Figure 3. Mortalité de Pissodes validirostris dans des cônes exposés ou non à la punaise, Leptoglossus occidentalis.

Observations en peuplement naturel : La relation entre le pourcentage d’infestation de l’arbre par le charançon (i.e. le nombre de cône infesté par arbre) et le nombre de punaises observés sur ces mêmes arbres n’est pas corrélée (r² = -0.12 ; P > 0.05 ; Fig 4). Ce résultat semble donc indiqué que, pour des infestations faibles ou modérées, la présence du charançon n’est pas un frein pour Leptoglossus. Cependant, aucun arbre avec un taux d’infestation totale (ou très élevée) du charançon n’a été considéré ici. Il serait donc intéressant de reconduire ce suivi avec un nombre d’arbres plus important par catégorie d’infestation (i.e. faible, modérée, élevée, totale). En revanche, une relation entre le nombre de cônes produits par arbre et le nombre de Leptoglossus a été observée (r² = 0.62 ; P < 0.05 ; Fig 4). Leptoglossus semble donc privilégier les arbres les plus producteurs en cônes, contrairement au charançon qui ré-infeste souvent la plante sur laquelle il a effectué son développement (Annila 1975).

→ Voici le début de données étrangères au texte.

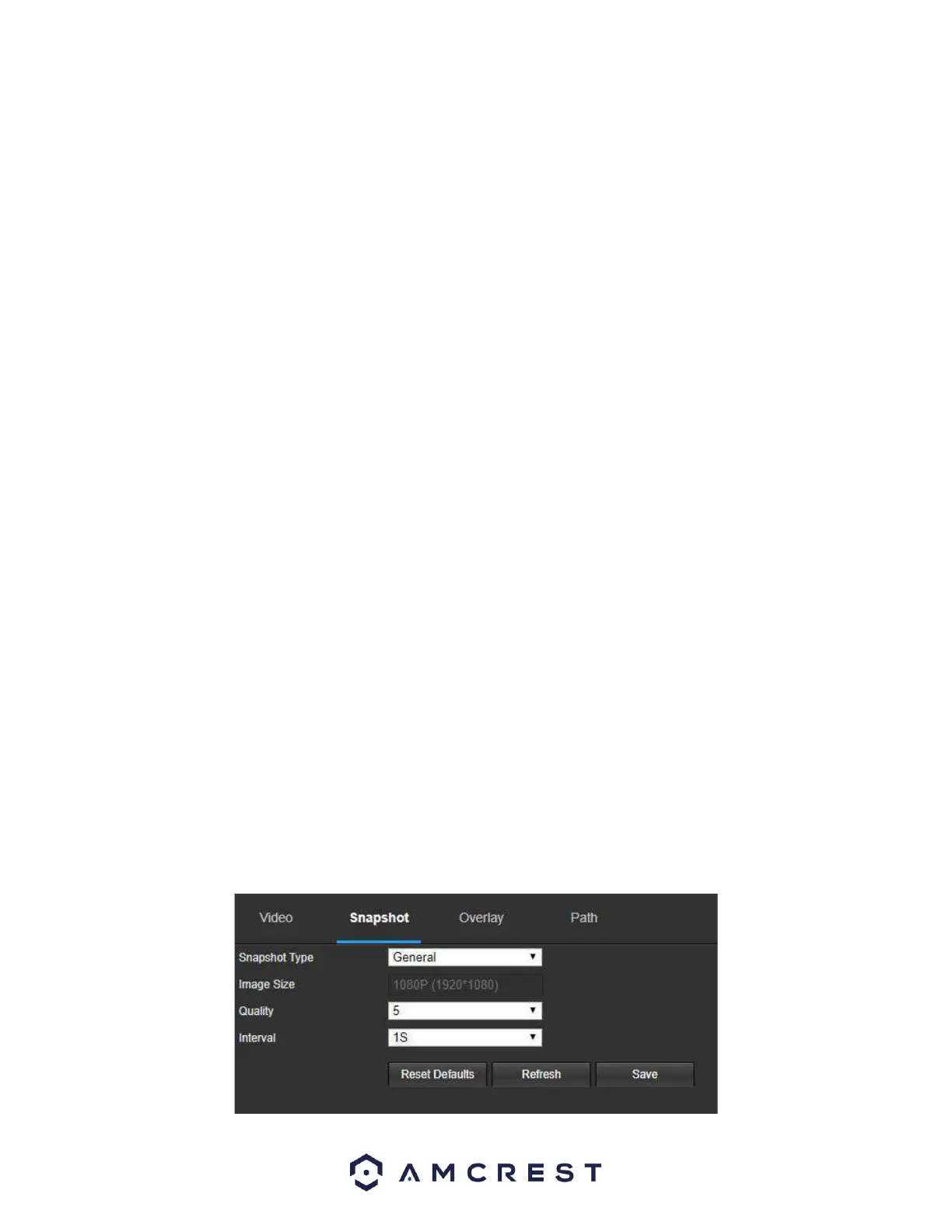 Below is a screenshot that shows the Snapshot tab in the Video menu item:

Figure 4. Relation entre la densité de Leptoglossus occidentalis et le niveau d’infestation du charançon, Pissodes validirostris, et la production de cônes de Pinus sylvestris.

Conclusion

Cette étude apporte les premiers éléments de discussion sur les nouvelles interactions interspécifiques créées depuis l’arrivée de L. occidentalis en Europe. Au vu des résultats, nous ne pouvons pas clairement statuer sur les relations entre la punaise invasive, L. occidentalis et le charançon natif, P. validirostris. En conditions contrôlées, les deux espèces semblent avoir un impact négatif l’une sur l’autre. Toutefois, en conditions naturelles, les deux espèces semblent cohabiter à la fois dans le même peuplement mais aussi sur le même arbre. Cette observation indique donc que les dégâts dus à Leptoglossus s’ajoutent à ceux du charançon. L’action combinée de ces deux ravageurs pourrait donc être un sérieux problème pour la régénération naturelle de certains peuplements. L’étude radiographique des graines extraites de chaque cône permettra de déterminer l’impact spécifique du charançon et de la punaise sur la production de graines. Pour cette dernière, des suivis précédents ont montré un impact pouvant être important dans ce peuplement (Lesieur et al. 2014).
Au-delà des relations charançon-punaise, les résultats apportent de nouvelles informations sur l’impact écologique des invasions biologiques (i.e. nouvelles interactions interspécifiques, impact potentiel sur la régénération) ce domaine ayant parfois été négligé aux dépens de la quantification de l’impact économique (Essl 2011 ; Kenis et al. 2009 ; Kenis & Branco 2010).

Je tiens à remercier Lucie Bertheau et Alexis Bernard pour leur aide technique ainsi que l’Unité de Recherche de Zoologie Forestière pour son soutien matériel. Je remercie bien évidement la Société Française d’Ecologie sans qui cette étude n’aurait pu se dérouler dans d’aussi bonnes conditions.